Geostatistics for Compositional Data with R PDF Author: Raimon Tolosana-Delgado
Publisher: Springer Nature
ISBN: 303082568X
Category : Mathematics
Languages : en
Pages : 275

Book Description
This book provides a guided approach to the geostatistical modelling of compositional spatial data. These data are data in proportions, percentages or concentrations distributed in space which exhibit spatial correlation. The book can be divided into four blocks. The first block sets the framework and provides some background on compositional data analysis. Block two introduces compositional exploratory tools for both non-spatial and spatial aspects. Block three covers all necessary facets of multivariate spatial prediction for compositional data: variogram modelling, cokriging and validation. Finally, block four details strategies for simulation of compositional data, including transformations to multivariate normality, Gaussian cosimulation, multipoint simulation of compositional data, and common postprocessing techniques, valid for both Gaussian and multipoint methods. All methods are illustrated via applications to two types of data sets: one a large-scale geochemical survey, comprised of a full suite of geochemical variables, and the other from a mining context, where only the elements of greatest importance are considered. R codes are included for all aspects of the methodology, encapsulated in the R package "gmGeostats", available in CRAN.

Compositional Data Analysis in the Geosciences

Compositional Data Analysis in the Geosciences PDF Author: Antonella Buccianti
Publisher: Geological Society of London
ISBN: 9781862392052
Category : Mathematics
Languages : en
Pages : 232

Book Description
Since Karl Pearson wrote his paper on spurious correlation in 1897, a lot has been said about the statistical analysis of compositional data, mainly by geologists such as Felix Chayes. The solution appeared in the 1980s, when John Aitchison proposed to use Iogratios. Since then, the approach has seen a great expansion, mainly building on the idea of the `natural geometry' of the sample space. Statistics is expected to give sense to our perception of the natural scale of the data, and this is made possible for compositional data using Iogratios. This publication will be a milestone in this process.

Composing Model-Based Analysis Tools

Composing Model-Based Analysis Tools PDF Author: Robert Heinrich
Publisher: Springer Nature
ISBN: 3030819159
Category : Computers
Languages : en
Pages : 311

Book Description
This book presents joint works of members of the software engineering and formal methods communities with representatives from industry, with the goal of establishing the foundations for a common understanding of the needs for more flexibility in model-driven engineering. It is based on the Dagstuhl Seminar 19481 „Composing Model-Based Analysis Tools“, which was held November 24 to 29, 2019, at Schloss Dagstuhl, Germany, where current challenges, their background and concepts to address them were discussed. The book is structured in two parts, and organized around five fundamental core aspects of the subject: (1) the composition of languages, models and analyses; (2) the integration and orchestration of analysis tools; (3) the continual analysis of models; (4) the exploitation of results; and (5) the way to handle uncertainty in model-based developments. After a chapter on foundations and common terminology and a chapter on challenges in the field, one chapter is devoted to each of the above five core aspects in the first part of the book.
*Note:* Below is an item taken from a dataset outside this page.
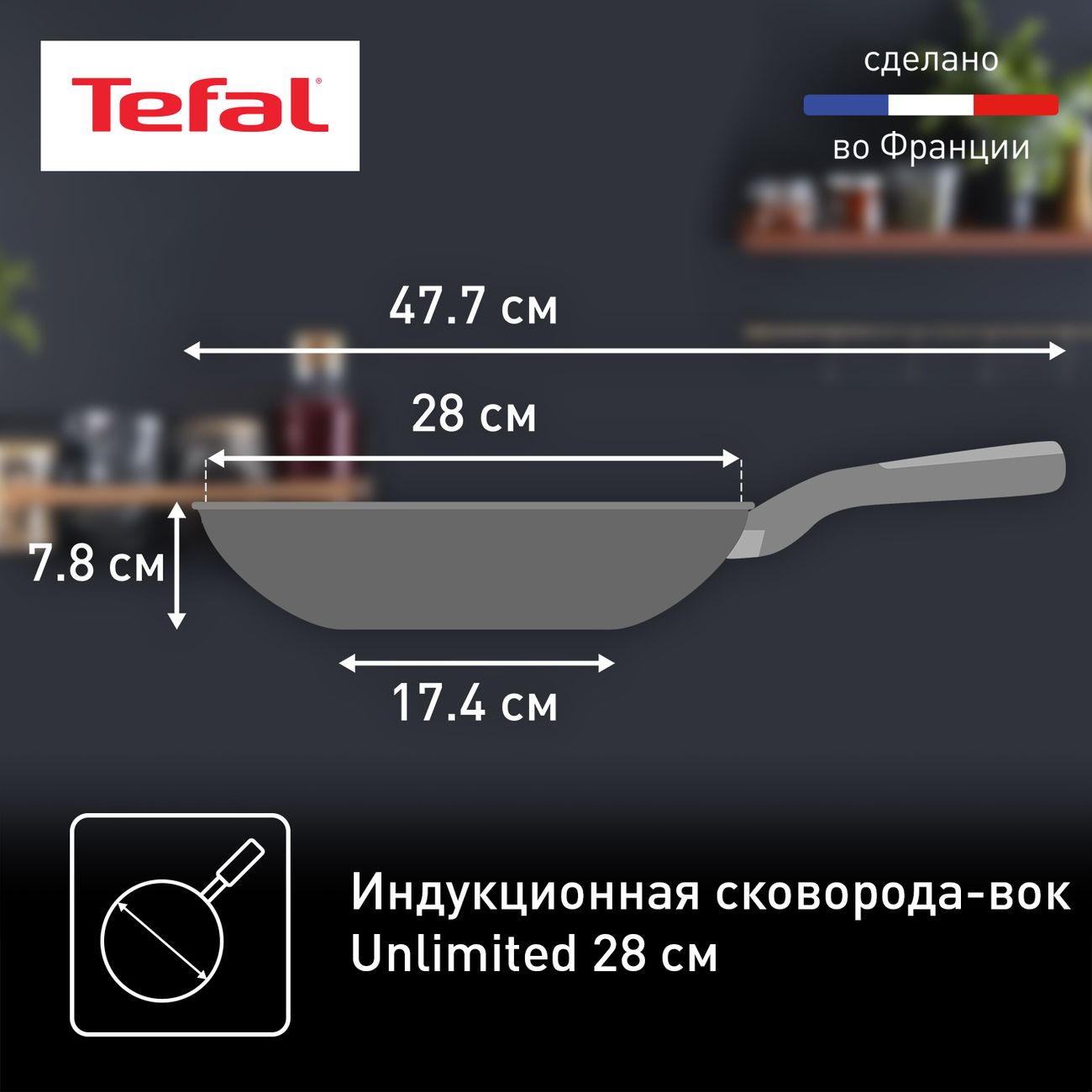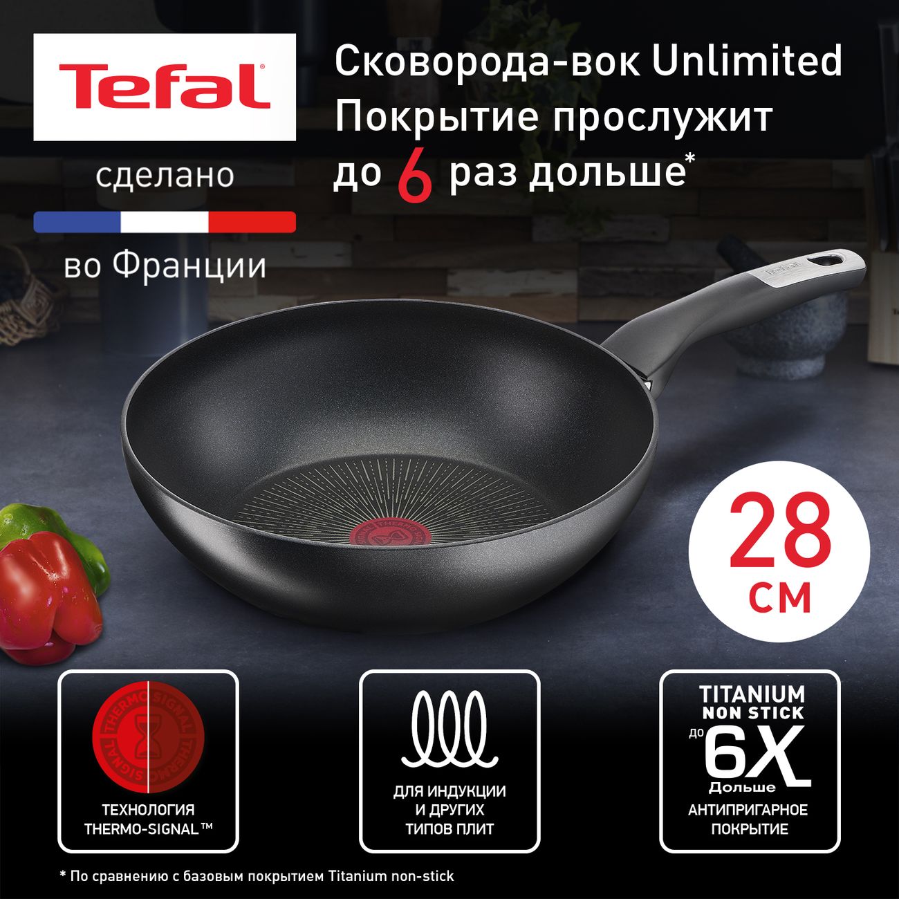 Вы можете купить Сковорода вок Tefal Unlimited 28см (G2551972) в магазинах М.Видео по доступной цене. Сковорода вок Tefal Unlimited 28см (G2551972): подробное описание, фото и отзывы реальных покупателей, характеристики, возможность скачать инструкции и подобрать аксессуары.

These core chapters are accompanied by additional case studies in the second part of the book, in which specific tools and experiences are presented in more detail to illustrate the concepts and ideas previously introduced. The book mainly targets researchers in the fields of software engineering and formal methods as well as software engineers from industry with basic familiarity with quality properties, model-driven engineering and analysis tools. From reading the book, researchers will receive an overview of the state-of-the-art and current challenges, research directions, and recent concepts, while practitioners will be interested to learn about concrete tools and practical applications in the context of case studies.